Everything in the records below from the line containing "Букет состоит из" through the line containing "淡いベージュのクロスから落ち" is to be reproduced exactly, those two lines included; no picture is to be copied.

[[ PROVIDED ENTRIES, beginning ]]

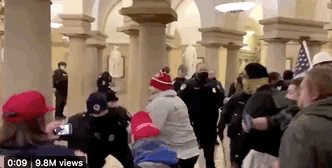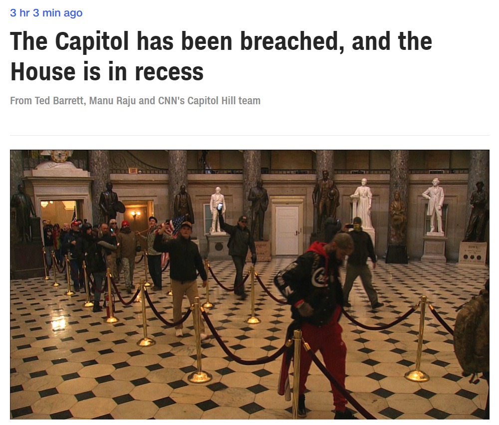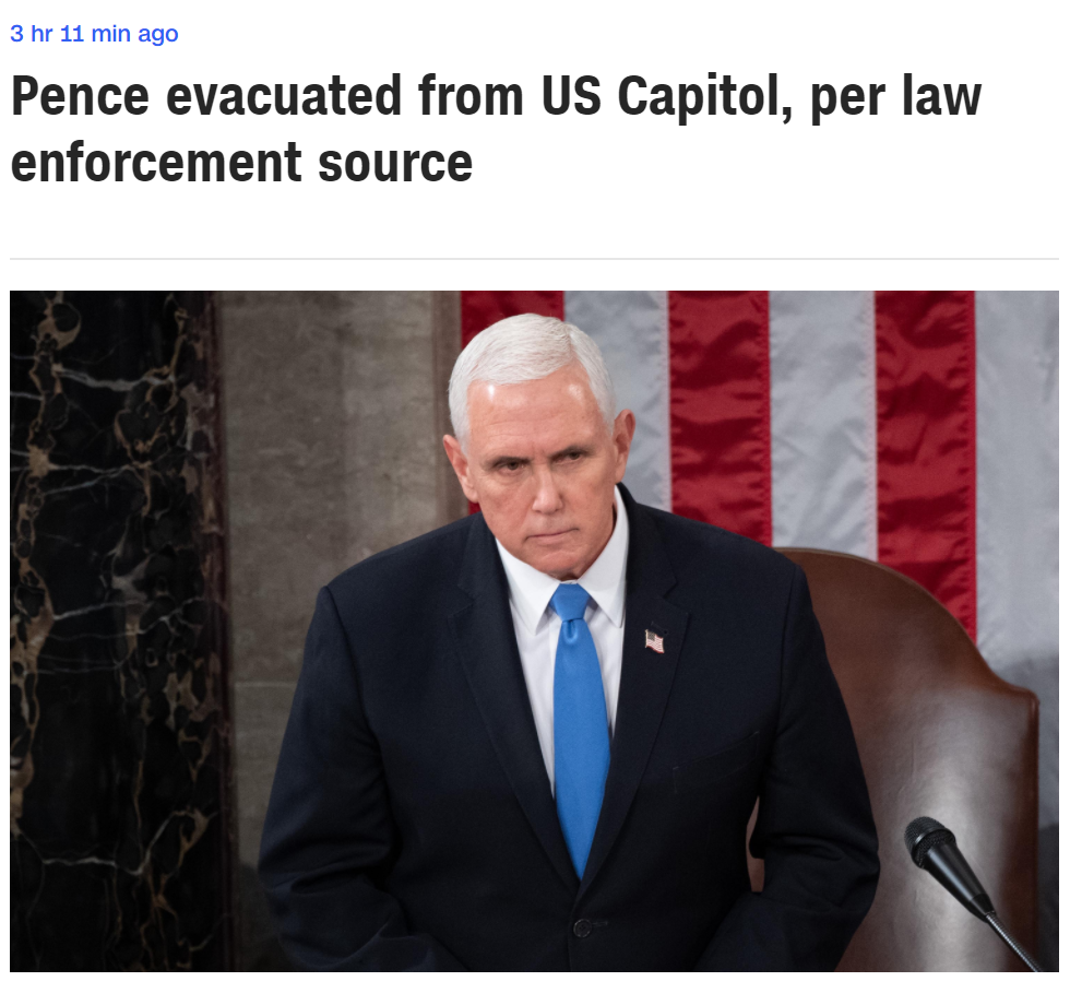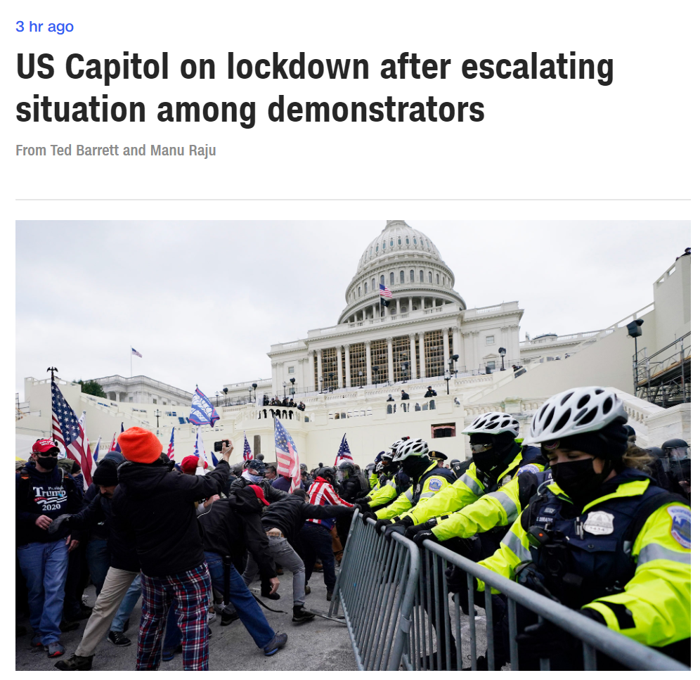 国会里面的人倒是一个个有条不紊地演讲着,但是国会外面的人已经要闹了。美东时间下午2:30分左右,眼见着事态开始升级,警方宣布封锁(lockdown)国会山。但这时,亲特朗普的抗议者就已经在往里面闯了。
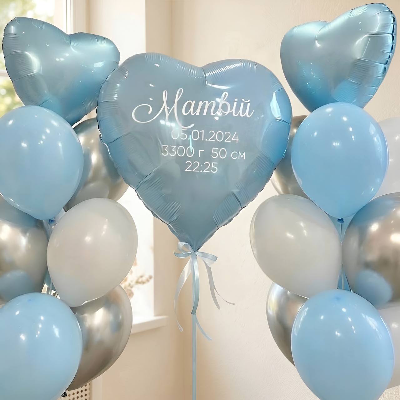 Большое сердце с именем, весом, ростом и датой рождения сыночка. А также, 2 связки шаров в голубых тонах для поздравления с выпиской малыша и мамы из роддома.
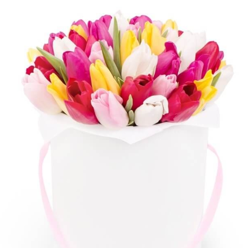 Букет состоит из MIX из 35 тюльпанов, коробка, оазис.
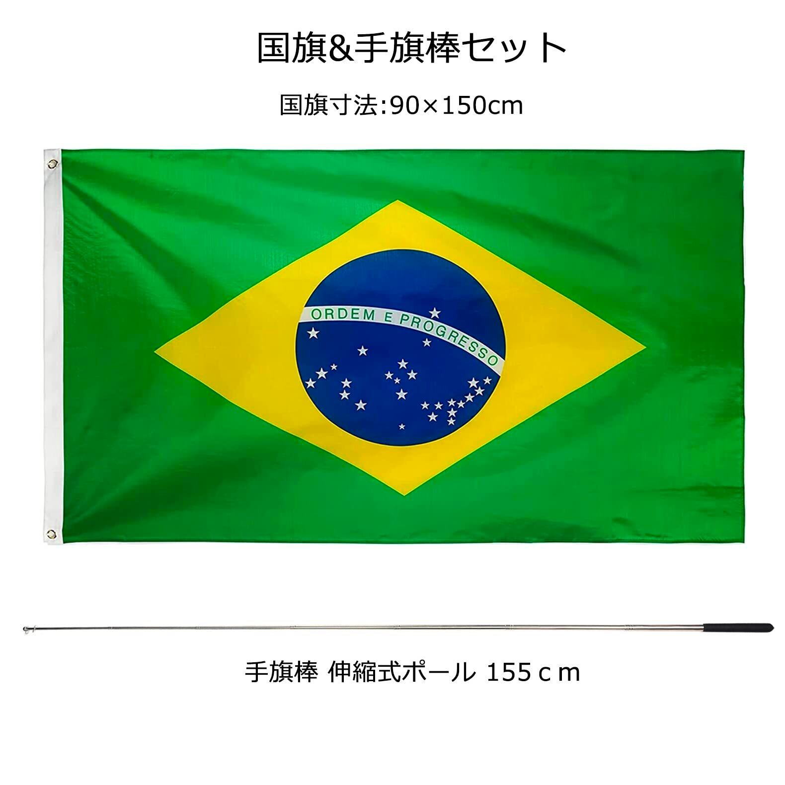 Difounmas 国旗セット ブラジル国旗 旗棒 伸縮式 フラッグサイズ 90×150cm 伸縮旗ポール 手旗棒 155cm 国際交流 フェスティバル イベント サッカー 体育 競技 代表応援用 文化祭 装飾 パーティ運動会用
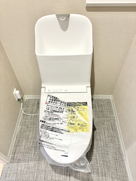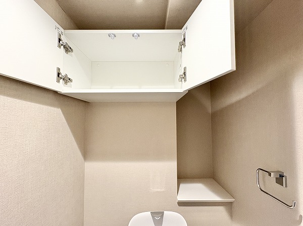 淡いベージュのクロスから落ち着いた雰囲気を感じられる独立タイプのトイレ。手洗い一体型になっているので節水に取り組めます。上部には棚が設置されていて、トイレットペーパーや清掃用品をしまうことが可能です◎
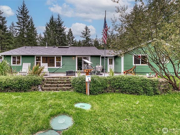 Enjoy Canal life with acreage!!! Enjoy the best of both worlds while driving home to your huge Rambler perched on top of a ridge with over 2 acres surrounding you. This beautiful spacious retreat has a mountain view commanding your attention with a huge patio to gather at. House lives as a 4 bedroom and large closed office/den, living room and dining room. With over 2300 sq ft of open floor plan to give all the space you need to enjoy your living space to it's fullest. Drop your anchor off the beach access you share or take your ATV or horses on miles of trails on DNR land behind you. Lots of mature fruit trees, trails, 5 outbuildings, wildlife and all the tranquility for you to enjoy. Lot was two lots prior, so very possible to revert.
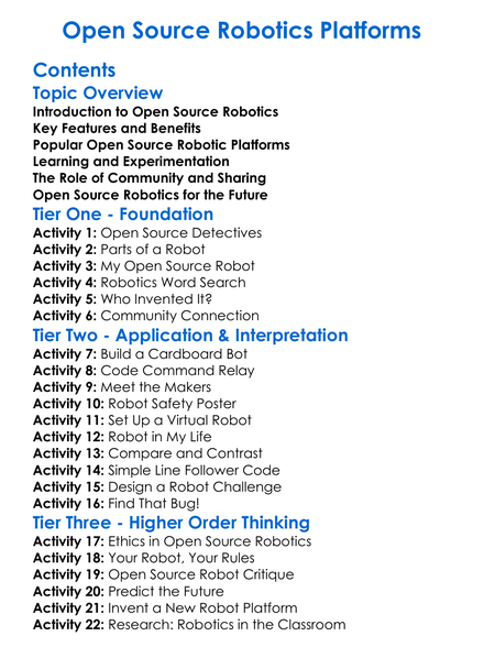 Open Source Robotics Platforms Worksheet Activity Booklet
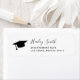 Simple black and white graduation return address label featuring a grad cap along with the name of the graduate in a handwritten script and two lines of text for your address in a sans serif font. A minimalist design with an elegant touch that is perfect for a girl graduate.
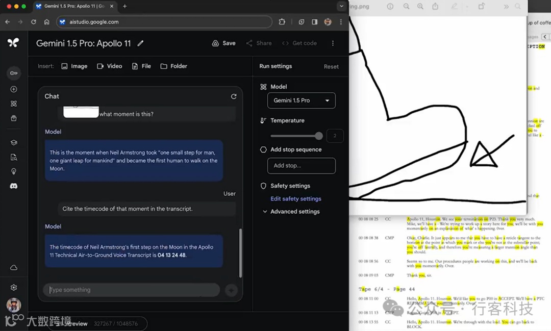 Gemini 1.5的出现,使得机器理解和处理大规模数据集成为可能。例如,当处理长达402页的阿波罗11号任务记录时,Gemini 1.5 Pro能够深入分析文档中的对话、事件和细节,提取出关键信息,甚至是那些细微的、容易被忽略的点。这种能力在历史研究、法律审查、大型文档管理等领域具有重要的应用价值。

[[ PROVIDED ENTRIES, end ]]

→ TASK ANSWER:
 Букет состоит из MIX из 35 тюльпанов, коробка, оазис.
 Difounmas 国旗セット ブラジル国旗 旗棒 伸縮式 フラッグサイズ 90×150cm 伸縮旗ポール 手旗棒 155cm 国際交流 フェスティバル イベント サッカー 体育 競技 代表応援用 文化祭 装飾 パーティ運動会用
 淡いベージュのクロスから落ち着いた雰囲気を感じられる独立タイプのトイレ。手洗い一体型になっているので節水に取り組めます。上部には棚が設置されていて、トイレットペーパーや清掃用品をしまうことが可能です◎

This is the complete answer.